Method: Human parotid gland tissue was collected under an IRB approved protocol from surgical patients. Parotid gland cells were isolated from tissue specimens and expanded. A hyaluronic acid (HA)-based hydrogel scaffold and an HA-laminin gel allowed cell culture in 3D. Cells were stained for progenitor cell markers. Self-assembly and structure formation in 3D was assessed by phalloidin and biomarker staining.

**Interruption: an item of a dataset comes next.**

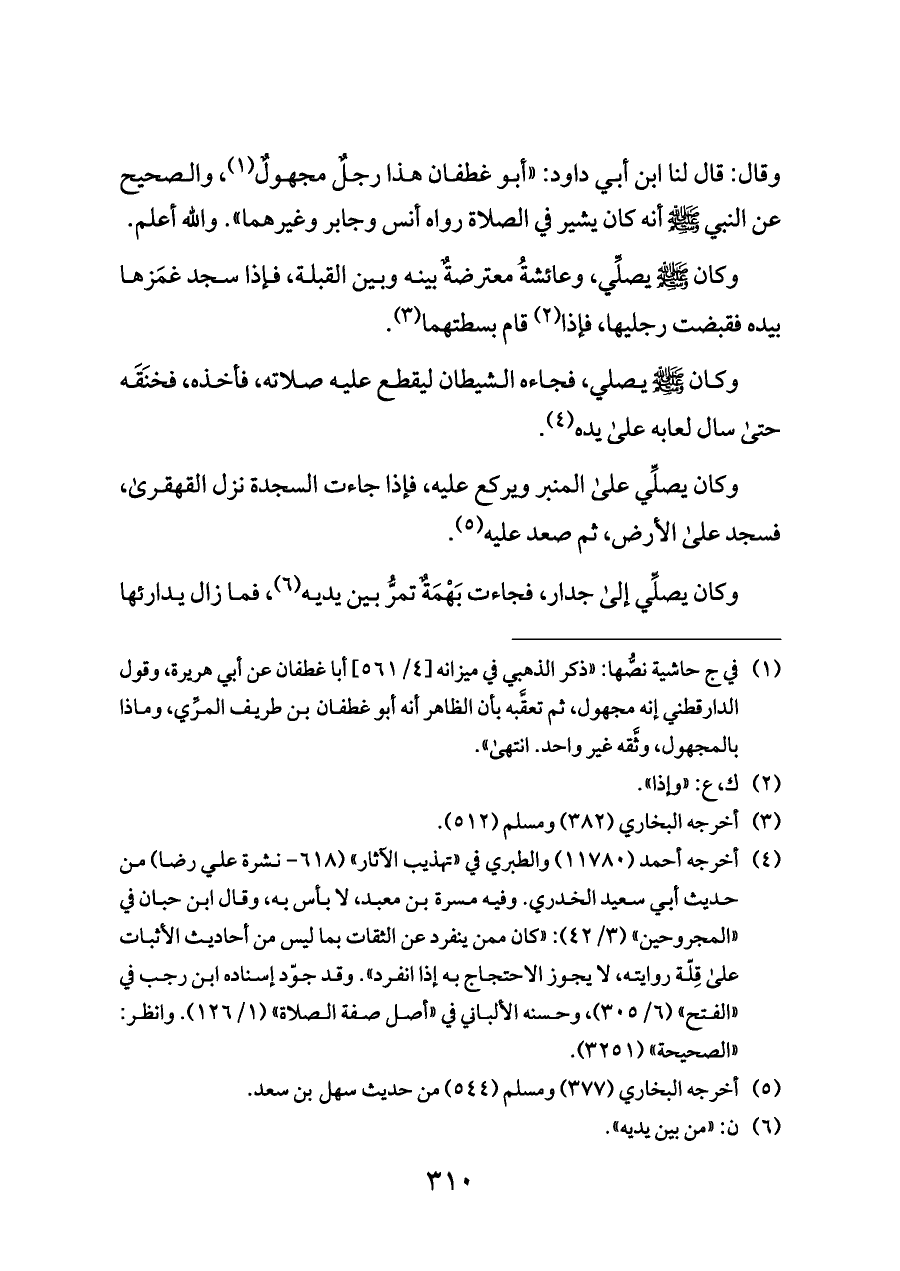 وقال: قال لنا ابن أبي داود: «أبو غطفان هذا رجلٌ مجهولٌ (¬١)، والصحيح عن النبي - صلى الله عليه وسلم - أنه كان يشير في الصلاة رواه أنس وجابر وغيرهما». والله أعلم.

Result: Cells in 3D self-assembled to form functional spheroid structures that exceeded 550μm. Cytokeratin 5 (K5), an intermediate filament protein and progenitor cell marker whose progeny are widespread in both ductal and acinar compartments of submandibular glands, was evaluated. Gene and protein expression profiles indicated that K5 was highly expressed among cultured cells in HA hydrogels. Both our expanded progenitor cells and those in 3D expressed stem cell marker c-Kit. Other stem cell markers expressed by these cells included Msi-1 and CD44. Cells seeded in HA-laminin gels differentiated into self-assembled structures that were less organized than spheroids in HA alone. Conditioned media from rat dorsal root ganglia explants accelerated self-assembly and branched structures were observed in laminin gels. K19 staining confirmed the presence of ductal cells among branched structures. Ongoing studies involve replacing laminin with human-compatible bioactive laminin peptides and using perlecan-derived peptide to support vascular ingrowth in modular bilayer hydrogels.
Conclusion: An HA and matrix-modified modular hydrogel culture system that fosters growth and differentiation of human parotid gland progenitor cells into branched structures was established. Ongoing studies involve demonstrating functionality of these structures upon neurotransmitter stimulation and vascular penetration to provide fluid source.